SAN FRANCISCO, April 28, 2025 (GLOBE NEWSWIRE) -- Nurix Therapeutics, Inc. (Nasdaq: NRIX), a clinical-stage biopharmaceutical company focused on the discovery, development and commercialization of targeted protein degradation medicines, today presented data that demonstrate the potential of its DEL Foundation Model to enable the rapid in silico identification of novel binders for a broad range of therapeutically relevant proteins, addressing a key barrier in the discovery and development of small molecule drugs. These results were presented at the American Association of Cancer Research (AACR) Annual Meeting in Chicago, IL, which is being held from April 25-30, 2025.

“Nurix’s DEL-AI platform has the potential to accelerate the discovery of breakthrough small molecule drugs—whether they be protein degraders, molecular glues, or inhibitors—by enabling ready-access to tractable chemical matter for an expansive set of proteins, especially those previously considered beyond the reach of drug discovery organizations,” said Gwenn M. Hansen, Ph.D., chief scientific officer of Nurix. “Our team has leveraged the rich datasets generated from rigorously controlled screenings of our customize collection of over five billion unique DEL compounds against hundreds of disease targets and E3 ligase proteins to construct a powerful suite of machine learning models and tools. By directly integrating the sampling density provided by DEL compound repertoires with primary protein sequence information, our model can learn a generalizable structure activity relationship capable of predicting novel binders for nearly any disease-relevant protein target.”

“Our DEL-AI engine is a potential game changer, allowing us to substantially accelerate drug discovery workflows and efficiently identify therapeutic candidates for our wholly owned pipeline and our current and future discovery partnerships,” said Arthur T. Sands, M.D., Ph.D., president and chief executive officer of Nurix. “This powerful research engine is a result of our significant expertise and strategic investments in DEL methodology and our machine learning platform.”

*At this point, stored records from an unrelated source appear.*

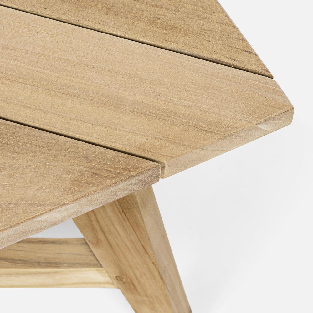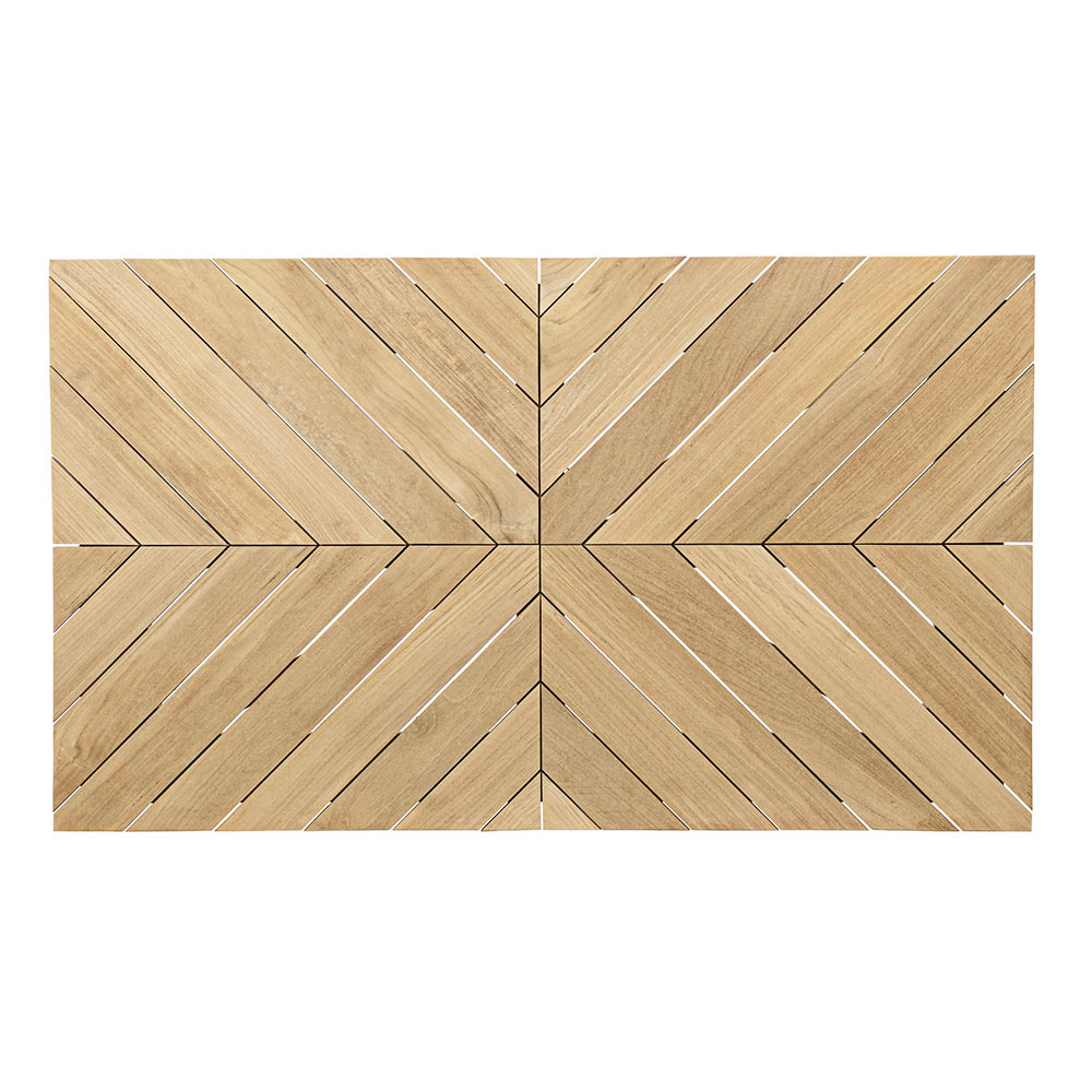 Rechteckiger Couchtisch im Freien mit Platte und Struktur aus Teakholz.
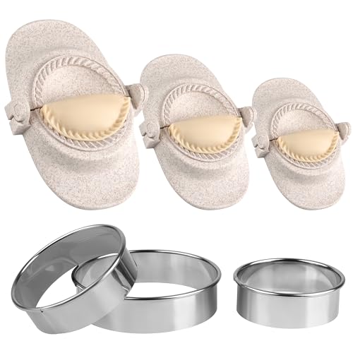 Winter Shore Uppsättning Dumplingforms- & Empanadapress med Rund Degskärare [3 Storlekar] - Livsmedelsklassad Empanadaform för Gyoza, Klimp, Dumpling & Pirog - Liten 7 cm, Medelstor 8 cm, Stor 11 cm
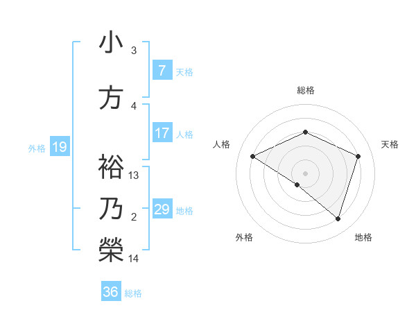 小方 裕乃榮さんを姓名の画数から五運を鑑定
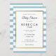 Invitation Baby shower Bébé classique Bleu à rayures / Sprink
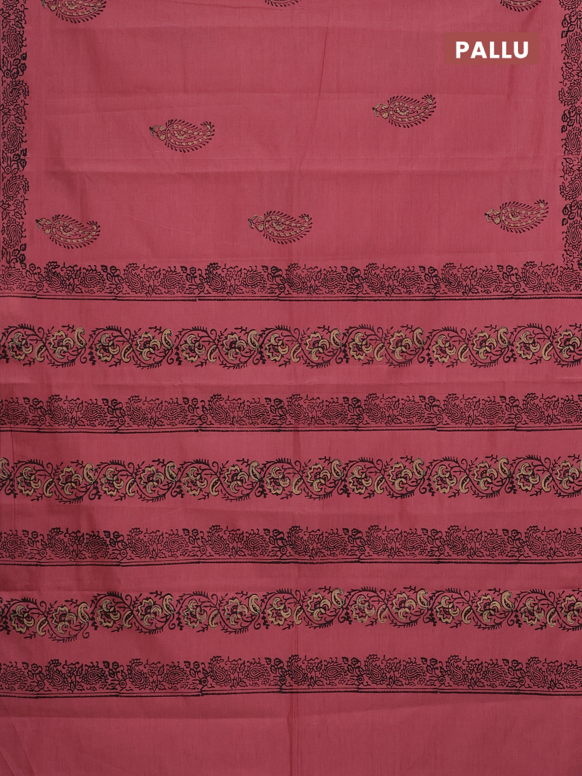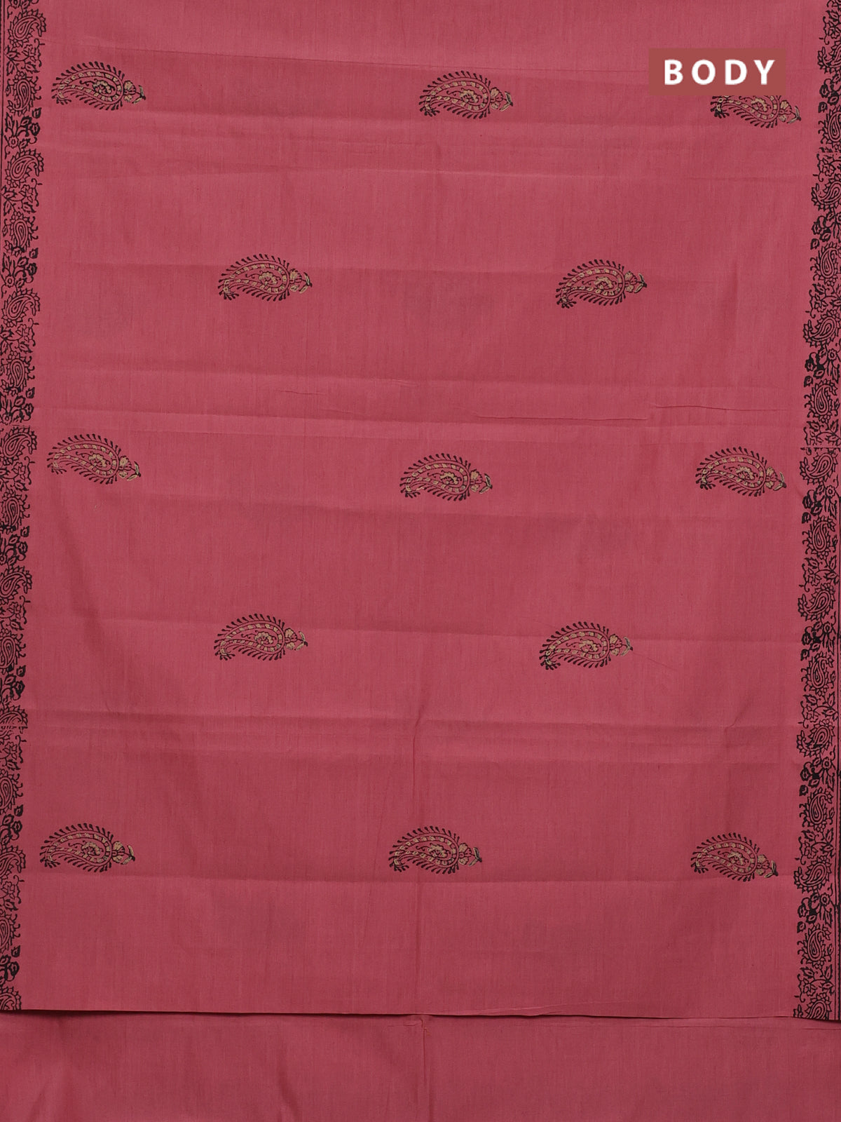 Semi silk cotton saree peach shade and black with butta prints and printed border
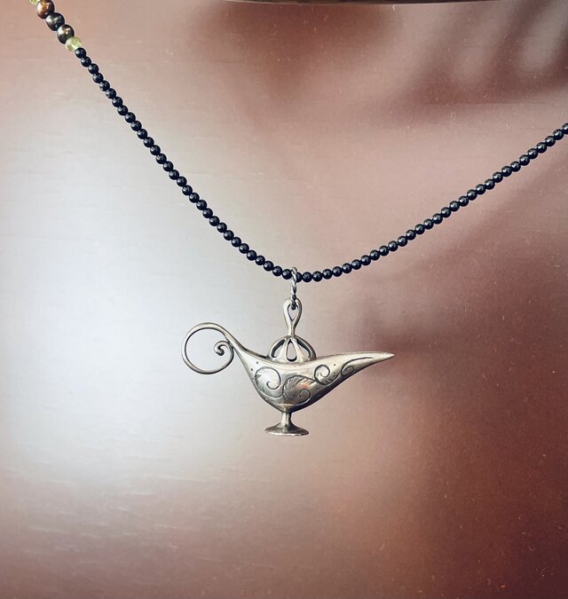 ランプは美しい形をしていてその先から魔人が出て来るのかも…と想像力が掻き立てられます。
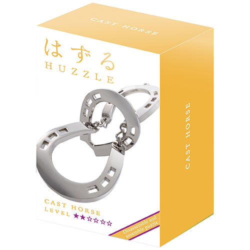 Huzzle Cast Puzzle Horse in neuer Huzzle-Verpackung. Aufgabe des verzwickten Metallpuzzles ist es, die Teile voneinander zu lösen und wieder zusammenzufügen.
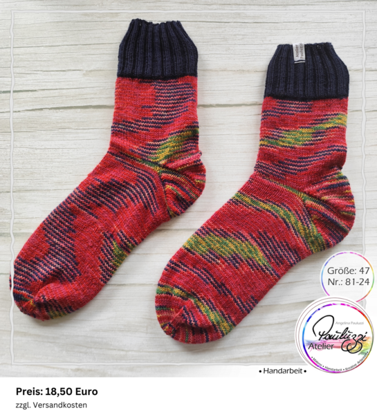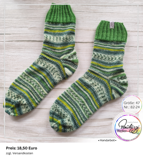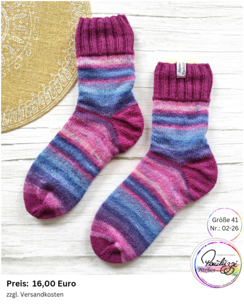 Die hier gezeigten Socken habe ich zur Zeit auf Lager. Der Preis und die Artikel-Nr. stehen immer unter/ auf dem jeweilgen Foto.
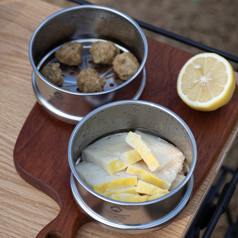 cắm trại Sierra mini Campingmoon BKS-S362 chất liệu Inox 304 không gỉ sét, dễ lau chùi. Có thể xếp chồng nhiều lớp nhiều không gian hơn và hấp nhiều món ăn cùng 1 lúc. Thiết kế
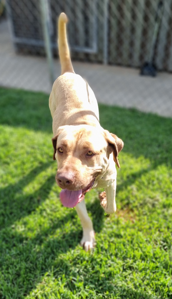 Meet the big, beautiful and goofy Dotty! Dotty is a people person who would love to go home with a family who is home more often than not and to be included in family activities, as she does have some separation anxiety. Due to her size Dotty would be best suited to older children or children who have grown up with large dogs and can handle having this big girl lean on you for pats and cuddles. Must meet other dogs at time of adoption Dotty is social and tolerant to other dogs but is noted to be a bit goofy around them. Must have solid fencing and to be left indoors when home alone as she has jumped fences before when her separation anxiety has been triggered. If you want to add a big loveable lady to your life, come and meet Dotty!
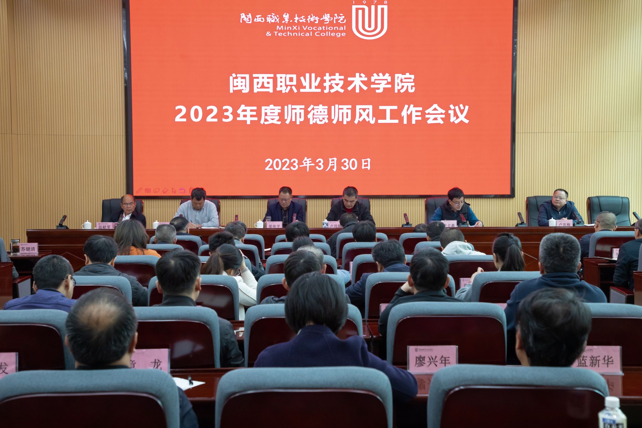 会议强调,做好2023年师德师风建设工作,一是要提高站位,把师德师风建设作为师资队伍建设的第一标准,作为提高教育教学质量的基础工程,把师德师风摆在“三教”改革、打造“予生最好学校”的首要位置,切实增强抓好师风师德建设的责任感和紧迫感,建立常态化、长效化师德师风建设工作机制,确保师德师风建设落到实处、取得实效;二是抓实教育,深入学习贯彻党的二十大精神,组织教职工学习习近平总书记关于师德师风的重要论述,充分利用闽西红色资源,引导教师赓续精神血脉、汲取奋进力量;三是树好典型,持续做好师德标兵评选工作,举办师德大讲堂,在官网、官微宣传师德先进典型,大力宣传“师德标兵”“最美教师”先进事迹,形成崇尚先进、见贤思齐的浓厚氛围;四是有效提升,把师德师风建设和教师职业能力提升有机结合、双向融汇,把师德师风建设全面融入“入职启航、结对护航、双元续航、团队同航、名师引航”等环节,促进教师全面提升师德素养和职业能力。
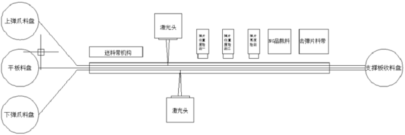 工藝流程:上彈爪料盤→平板料盤→下彈爪料盤→上焊接激光→下焊接激光→彈片位置度CCD→彈片位置度CCD二→彈片彈高→NG取料→去彈片料帶→收料帶

Nurix’s presentation at the AACR 2025 Annual Meeting, titled: “DEL-AI: Proteome-wide in silico screening of multi-billion compound libraries using machine learning foundation models,” described the development of a first-in-class foundation model that was trained on the Company’s high quality, proprietary DEL data. Nurix’s DEL Foundation Model is able to perform virtual DEL experiments on prospective protein target sequences to accurately predict novel binders to a large proportion of therapeutically relevant targets, including many targets considered undruggable. In plots of virtually predicted vs. experimentally-derived DEL screens against therapeutically relevant proteins, Nurix’s DEL Foundation Model demonstrated the ability to accurately predict the experimental results, including experimentally validated binders. Success of the DEL Foundation Model was found to correlate to the degree of similarity of query sequences to proteins within the DEL training set, and data demonstrated that the current model requires as little as 50% amino acid sequence similarity of a query protein to training data to enable binder prediction. Nurix’s model was also capable of inferring binders from chemical space not represented in the training set, suggesting that the model is capable of both protein sequence and chemical structure generalizations.